A coming-of-age story with high drama and plenty of heart.

Moving from Chicago to the suburbs turns a teenage girl’s life upside down in Doyle’s latest YA novel.

After her parents split up, Ella Bennett and her mom leave their home in the Chicago neighborhood of Lincoln Parkfor a tiny Cape Cod cottage in the Illinois suburb of Snow Ridge. When Ella first encounters fellow sophomore Grace Childs, she knows that she has nothing in common with the “tall, gorgeous, undoubtedly popular” girl who lives in the mansion next door.
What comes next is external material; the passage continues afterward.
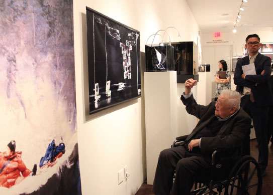 Ming Cho Lee (front) browses the exhibition of his work at the Museum of Chinese in America (MOCA) in New York with Herb Tam (right), MOCA's curator and director of exhibitions, on April 28. Niu Yue / For China Daily |
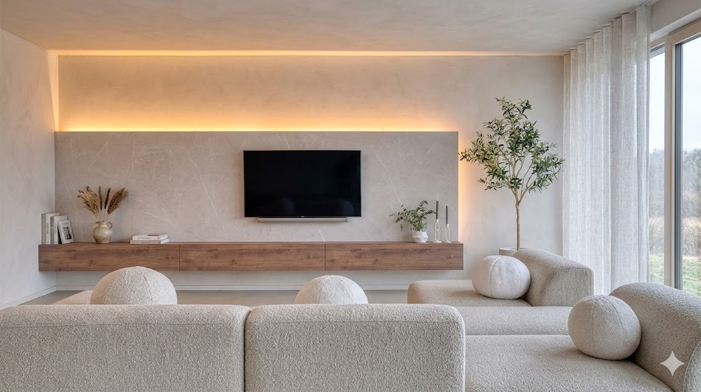 Serce domu — przestrzeń do wypoczynku, spotkań i cichej obecności. Projektujemy salony, które łączą otwartość z intymnością.

When Grace’s mom offers Ella a ride on her first day of the school year, it leads to an invitation to join Grace’s table at lunch; the table itself is marked with a brass plaque honoring the Childs family. The girls’ relationship takes a dark turn once Ella joins the cheer team and Grace fails to make the cut. A freak fall sidelines Ella from the squad, and it turns out to the beginning of all-out war between the new girl and the queen bee. At the same time, Ella is navigating her parents’ divorce—sometimes wisely, sometimes not. Her father’s new girlfriend, Cynthia, becomes Ella’s ally, but can Ella follow Cynthia’s questionable advice and still live with herself? Along the way, she learns who her real friends are—and what it means to be a real friend to others. As she did in Points (2020), Doyle takes the social and emotional lives of young people seriously in this novel. She explores what it means to be an outsider in a community with a long-established hierarchy while also showing how Ella adapts to her family’s new shape. Several of the choices that the protagonist makes during her feud with Grace have serious consequences, and some readers might feel like the people around her—her mom, her principal, the one cheerleader who is kind to her—let her off too easily. Other readers, though, will find her redemptive arc to be satisfying.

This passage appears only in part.